結果斯小冉和朱浩卻把目標對準了我。嶽洪波與陳莉也不例外。
“這個世界真是當不得好人。”一圈酒喝完後我苦笑道。大家都笑。其實我心裏很高興。
晶晶今天沒有喝酒。陳莉也不讓她喝。
“師兄,我這同學很不錯的,你今後可要和他多接觸啊。”我接下來對朱浩說。
“我知道的。這兩天與他接觸後我覺得很不錯呢。”他笑着說。我在心裏暗笑,心想你們兩人早就認識了,可能斯小冉也是知道的。不過我並不去點破。
酒喝得很愉快,菜的味道也不錯。在我的建議下大家放慢了喝酒的速度。
在中途,我和嶽洪波在頻頻舉杯。“來,我們倆喝一杯。”我和他每次都這樣說,我們之間沒有多餘的語言,但是其中所包含的深意我們兩人都知道。
很多事情是不需要去說出來的,情誼自在心裏。不過我的心裏多了一種愧意。我還是以同學的身份去與陳莉喝了兩杯。
我們四個同學,今天只有一個人沒在場,但是我們三個人的心裏似乎都有她的存在,只不過大家都不去說罷了。我感覺得出來。
晶晶幾次端起茶杯去敬大家。她連聲地道歉。但是當她看見每次別人都將杯子裏面的白酒都幹完以後就再也不好意思去敬了。這也是因爲我在旁邊開玩笑:“晶晶,你這樣去敬酒可是會把所有人都喝醉的啊。”
酒過三旬後車銘仍然沒有過來。我頓時明白了,他是在等我過去呢。他是常務副縣長,沒有他主動來敬我酒的道理。
我想了想,對嶽洪波說道:“對不起,洪波、陳莉,我們三江縣的常務副縣長在隔壁,我去敬一杯酒就回來。”

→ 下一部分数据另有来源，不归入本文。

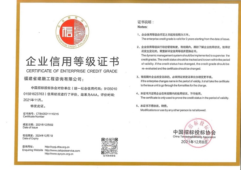 建融公司获得2018-2019年度福建省守合同重信用企业
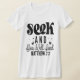 This motivating tee features the powerful promise: "Seek and you will find", referencing Matthew 7:7. The contrasting fonts and heart details emphasize active faith and the reward of spiritual searching. A simple yet profound call to devotion.
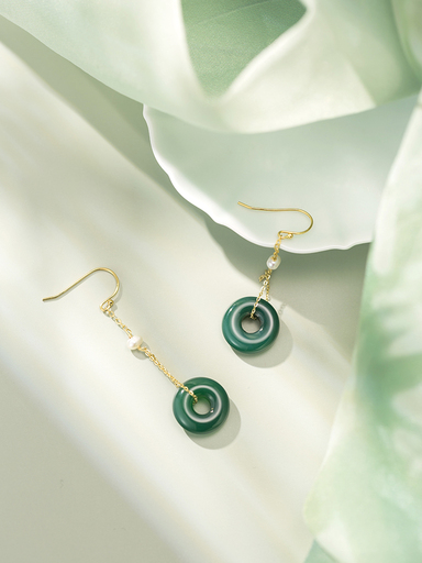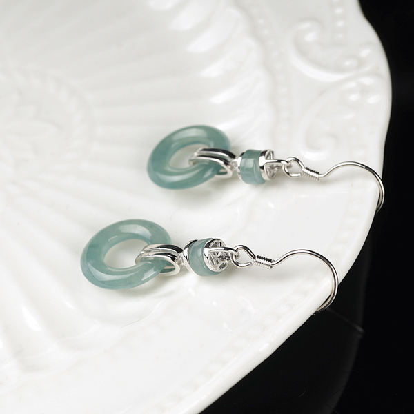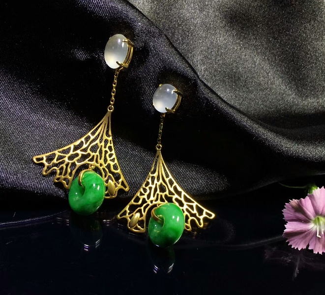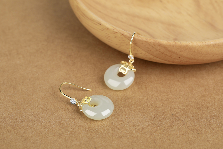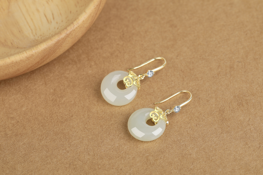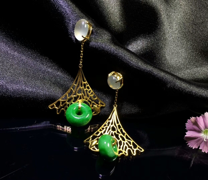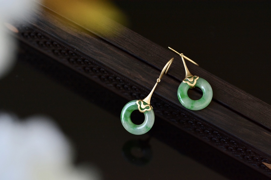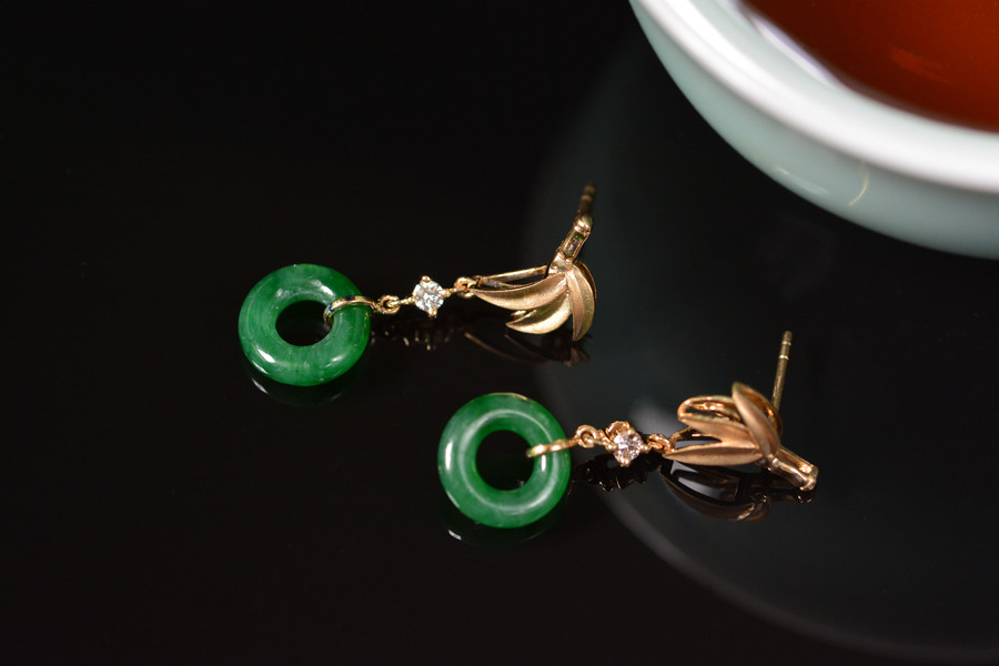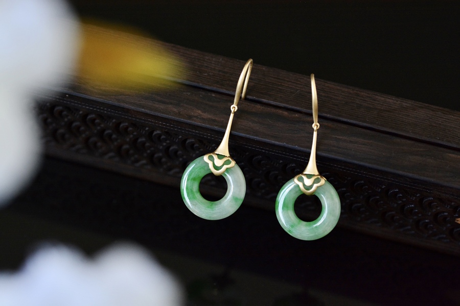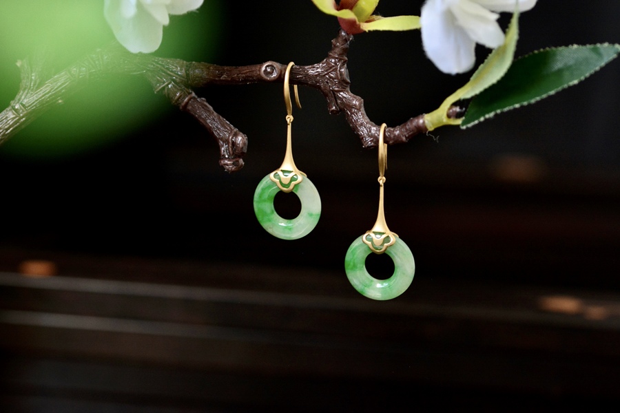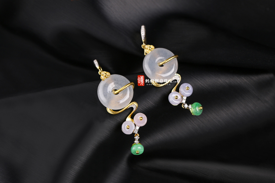 【蚂蚁原创设计】18K金镶嵌冰糯种翡翠平安扣耳坠

“海亮,你這麼客氣就不好了。這種情況你應該去的。”嶽洪波不悅地說。
我不好意思地朝他笑了笑。其實我自己明白,這種客氣來源於我的愧意。
“我陪你去吧。”朱浩站了起來對我說。
我朝他點了點頭。
車銘坐在首席,正對着房門。我進去的時候他隨即就看見了我。
“車縣長,我聽說你在這裏。我來敬你一杯。”我直接他朝他走了過去。
他“哈哈”大笑着說:“凌縣長也在啊,歡迎、歡迎!”
“我來了兩個同學,我在這裏接待他們呢。”我與他碰了杯然後一飲而盡,“這幾位是?”我問道。
“這是教委的閔主任,你的部下呢。這是教委副主任、這是三江中學的校長,這幾位是三江中學的副校長和老師。”他介紹道。
“哦?”我說道,“來,我敬大家一杯。”我說着就去同時地與他們敬酒,然後喝下。
“車縣長,我先過去了。我那邊馬上結束了。”我說道。
“乾脆坐下來喝幾杯吧?教委的同志也想敬你酒呢。”車銘說道。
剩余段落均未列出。